Nostalgia has sometimes been defined alternately as an exquisite pain or a longing for a past that never really existed. Both of those ideas were at the forefront of my mind during CulturalDC’s presentation of Samuel Beckett’s Happy Days. It’s a play that’s as painful and touching as it is funny, and let me tell you – it’s plenty funny.
Happy Days is the story of Winnie (Karen Lange) and Willie (Christian Sullivan). Winnie is a woman buried up to her breasts in a mound of sand. Winnie likes to talk, and is an eternal optimist. Willie is a man who likes to sleep. Willie barely talks at all.
I’m tempted to end the review there, because no amount of description can really do Beckett justice. In some ways, Happy Days is a slice-of-life play. But it’s a very strange slice, and a very strange life.

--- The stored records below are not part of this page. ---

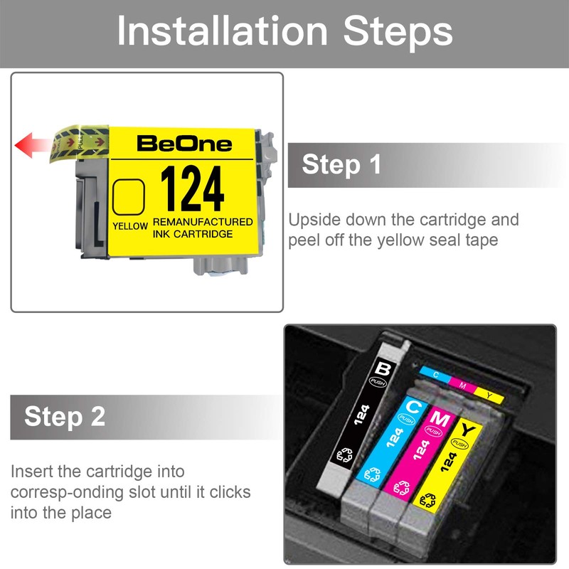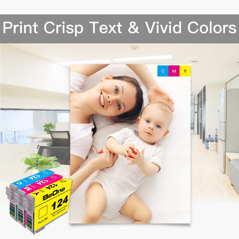 - Content: High yield remanufactured for Epson 124 T124 ink cartridges (1 Cyan, 1 Magenta, 1 Yellow; Total 3-pack)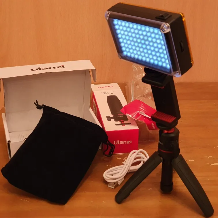Отличные поставка и держатель для смартфон с закрепляемой камерой. Лампа очень яркая на максимальной мощности, фильтры помогают смягчить свет. Комплектом очень доволен, пришло за 3 дня.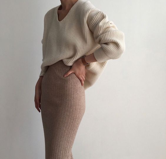 For a polished and professional look that doesn’t sacrifice comfort, pair your knitted pencil skirt with a crisp white button-down shirt. Tuck it in neatly to emphasize your waist, and add a thin belt to cinch it for a more defined silhouette. Complete the ensemble with a pair of nude or black pumps and subtle accessories like stud earrings and a delicate bracelet. This classic outfit is perfect for the office or any formal setting.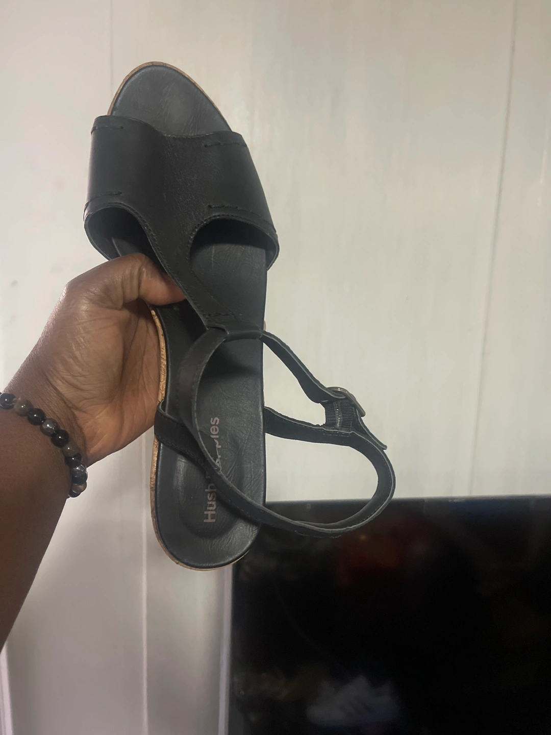 Selling a pair of Hush Puppies black wedge sandals. They feature a comfortable wedge heel and stylish design. Perfect for adding a bit of height and style to your outfit!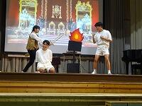 昼食後には、和太鼓の演奏、ダンスの発表、演劇、クイズ、いぶステ(自由発表)が行われ、クロージングの後、校舎前で打ち上げ花火を見て、充実した一日が終了しました。
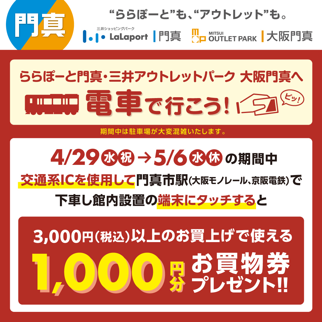 Shopping vouchers can only be used at LaLaport Kadoma and MITSUI OUTLET PARK OSAKA KADOMA.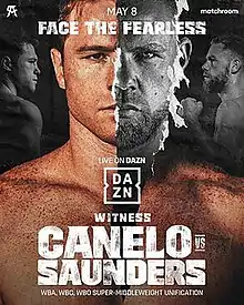 Canelo Álvarez vs. Billy Joe Saunders, billed as Face the Fearless, was a super middleweight professional boxing match contested between WBA (Super), WBC, and The Ring champion, Canelo Álvarez, and WBO champion Billy Joe Saunders. The bout took place on May 8, 2021, at AT&T Stadium in Arlington, Texas. Álvarez defeated Saunders via eighth-round corner retirement.[1]

Winnie spends her time buried in a mound of sand, a set designed by Joe C. Klug. She shares the mound with half-buried phones, cameras, televisions, and record players – all obsolete devices of connection, all purveyors of nostalgia. In the program, director Jess Jung confesses to an obsession with objects, and the way they litter the set brings home many of the plays more conceptual elements. Accompanied by a backdrop by Art and Photography Director Ryan Maxwell, the set gives us a disjointed day at the beach, like a family vacation snapshot no one can remember taking. Objects are a stand-in for relationships and memories
Winnie’s day is governed by ritual, from the bell that wakes her and commands her to sleep to the repeated activities that comprise her daily routine. She takes joy in the small positives that occur, but always seems to resist the realization of how much she needs these moments. Nothing must happen until it’s the right time; nothing can happen until it’s the right time. Winnie talks to pass the time, but she’s acutely aware that she only has a certain amount of words to spend each day and a very large amount of time to fill. There’s a desperation to Winnie that is both heartbreaking and compelling.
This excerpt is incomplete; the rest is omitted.